From owner-freebsd-hackers  Wed Jun 10 22:47:54 1998
Return-Path: <owner-freebsd-hackers@FreeBSD.ORG>
Received: (from majordom@localhost)
          by hub.freebsd.org (8.8.8/8.8.8) id WAA26244
          for freebsd-hackers-outgoing; Wed, 10 Jun 1998 22:47:54 -0700 (PDT)
          (envelope-from owner-freebsd-hackers@FreeBSD.ORG)
Received: from newserv.urc.ac.ru (newserv.urc.ac.ru [193.233.85.48])
          by hub.freebsd.org (8.8.8/8.8.8) with ESMTP id WAA26127
          for <hackers@freebsd.org>; Wed, 10 Jun 1998 22:47:16 -0700 (PDT)
          (envelope-from joy@urc.ac.ru)
Received: from urc.ac.ru (y.urc.ac.ru [193.233.85.37])
	by newserv.urc.ac.ru (8.8.8/8.8.8) with ESMTP id LAA27440;
	Thu, 11 Jun 1998 11:41:33 +0600 (ESS)
	(envelope-from joy@urc.ac.ru)
Message-ID: <357F6E0D.FE51B0B2@urc.ac.ru>
Date: Thu, 11 Jun 1998 11:41:33 +0600
From: Konstantin Chuguev <joy@urc.ac.ru>
Organization: South Ural Regional Center of FREEnet
X-Mailer: Mozilla 4.05 [en] (X11; I; FreeBSD 3.0-CURRENT i386)
MIME-Version: 1.0
To: Terry Lambert <tlambert@primenet.com>
CC: Gary Kline <kline@tao.thought.org>, hackers@FreeBSD.ORG
Subject: Re: internationalization
References: <199806102155.OAA13862@usr01.primenet.com>
Content-Type: text/plain; charset=koi8-r
Content-Transfer-Encoding: 7bit
Sender: owner-freebsd-hackers@FreeBSD.ORG
Precedence: bulk
X-Loop: FreeBSD.ORG

Terry Lambert wrote:
> 
> I would prefer going to a full-on Unicode implementation to support
> all known human languages.
> 
I agree at least because Unicode is not just a character set or
subset of ISO 10646, but a database of character mnemonic names,
collation rules, bidirectional writing, uppercasing, lowercasing,
transliteration rules. This has huge importance in text processing.

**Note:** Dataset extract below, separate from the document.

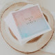 This summer sunset watercolor wedding napkin is perfect for your tropical beach boho wedding. Designed with minimalist, orange-peach coral and dusty blue watercolor, accompanied with simple rustic sandy gold typography. It's sure to match your modern bohemian coastal destination wedding vibes.

I am afraid ISO 2022 lacks these capabilities.

Another thing is very simple conversion mechanism between
UTF-8 and UCS-16/32, i.e. multibyte and wide character encodings.

We need both encodings: the first for ASCII compatibility (and
C zero-byte ended (char *)strings compatibility) and the second
for fast searching/sorting.

> I would suggest an initial 16 bit wchar_t with an assumption of a
> zero valued code page designator.  If ISO ever gets around to adding
> other code pages, we can deal with that at that time using page
> selection.  Meanwhile, we'll be able to interportate with Microsoft
> and JAVA, which use 16 bit wchar_t encodings.
> 
> I think the first (and hardest) step is the shells.  The shells need
> to be internationalized based on the fact that they (can) intrpret
> exit codes to the user as error messages.
> 
> The last time I converted csh, this was absolute hell because the
> code was badly organized for internationalization.
> 
> The next hardest step is the editors, starting with "vi".  They have
> to be able to support Unicode.
> 
That consists of 2 levels: character set level (wchar, mbyte,
conversion,
locale's LANG etc.) and message catalogues (locale's LANG). IMO,
the second should be done only after the first is precisely developed.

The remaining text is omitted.